The milestone Gemma 4 identified first: A feature burst in July–September 2018 — Scheduler time-slicing infrastructure (Scheduler.js, 144 insertions in one commit), then React.lazy, Suspense, and createContext v2 added within 6 weeks of each other.

This is factually accurate. Any React developer recognizes this as the foundation-laying period before Hooks went public.

The milestone that surprised me: Gemma 4 flagged January–February 2019 as a stability → bug storm transition, citing ca53456 (fix for useRef) and cb54567 (fix for infinite useEffect loops) within days of the 16.8.0 release. It specifically noted that ReactFiberHooks.js had 8 modifications in this period versus 2 in the preceding stable phase.

I had to look this up to verify. It's correct. The Hooks release in 16.8.0 (February 6, 2019) was followed by a cluster of hotfixes addressing edge cases in the hooks implementation that weren't caught before release. The file-level evidence in the commit stats makes this visible — but only if you're looking across all 24 commits simultaneously, not one at a time.

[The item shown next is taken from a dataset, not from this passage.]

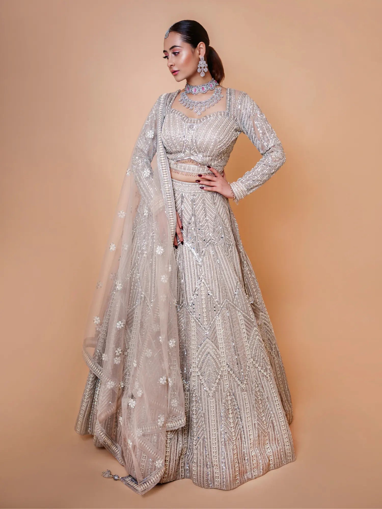 Channel pure opulence in this Luxe Silver Embellished Lehenga Set, a stunning ensemble that exudes grandeur and grace. Designed for the modern bride or wedding guest who wants to shine, this outfit is a celebration of intricate craftsmanship and contemporary elegance.

The health score: 79/100. Breakdown: +15 for high commit message quality, +10 for clear refactor era visible in 2019-05, -10 for 21% bug-fix ratio, and a neutral note for concentrated churn in ReactFiberHooks.js. Every factor is displayed, with evidence. No black-box number.

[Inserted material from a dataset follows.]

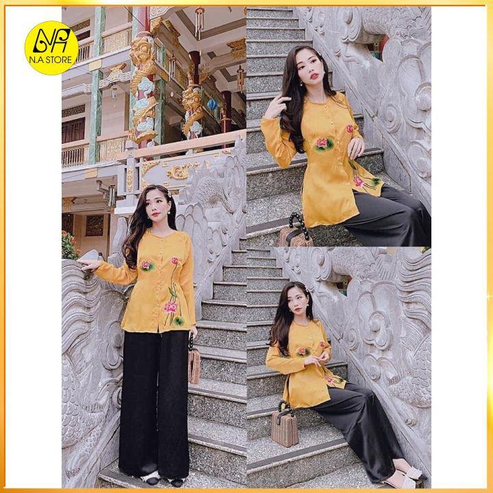 ✨Bộ Đi Lễ Chùa - Đồ Lam Nữ Đi Chùa Đẹp Cao Cấp Trang Nhã Vải Lụa Thêu Sen Ngọc 2021 Dành Cho Phật Tử AL017

The Prompt Engineering That Took the Longest

Getting Gemma 4 to produce specific insights — not corporate-speak — was the hardest part of this project. It took three major iterations.

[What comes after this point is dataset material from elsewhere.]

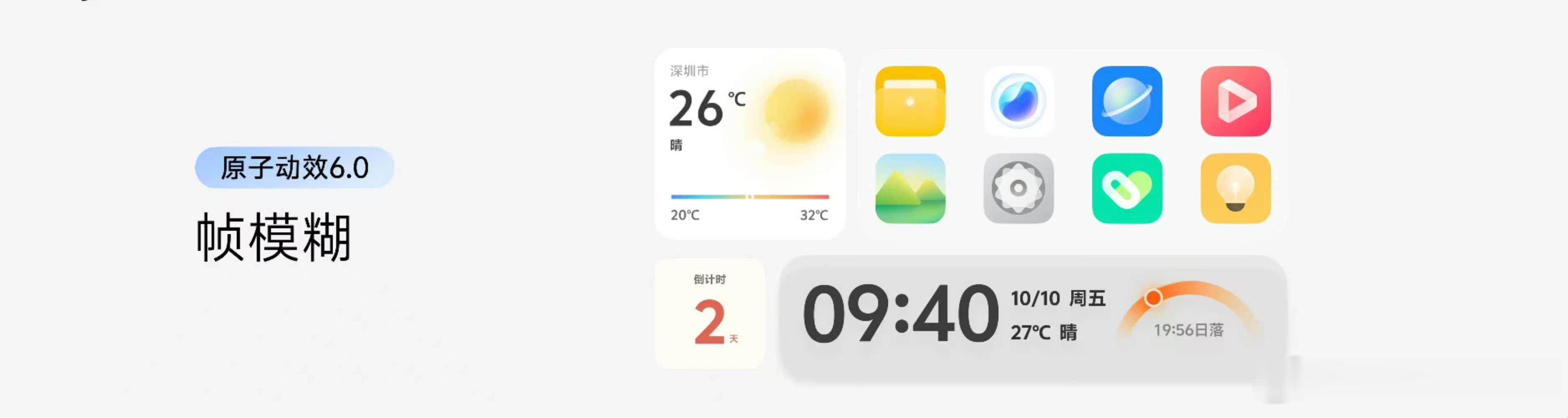 全新的帧模糊,它让原系统6的界面更有层次感。现在,当组件内文字刷新时,会呈现类似相机镜头的“对焦过程”,在内容变化时,还会呈现一个模糊到清晰的过程,消除了突兀和闪烁感。此外健康关怀、日历等组件及全搜下打开应用等场景中都加入了帧模糊效果,让整个视觉体验显得更加细腻和高级。

Iteration 1 (bad): Asked the model to "tell me the story of this codebase." It produced beautifully written hallucinations. "The team worked hard to address technical debt during a difficult refactoring period." Sounds good. Means nothing. Not a single commit hash cited.

Iteration 2 (better): Added a list of forbidden phrases: "technical debt", "the team", "seems like", "likely indicates", "possibly", "perhaps". Insights became slightly more factual but still vague. The model would say "there were many fixes in this period" without specifying how many, which period, or what was being fixed.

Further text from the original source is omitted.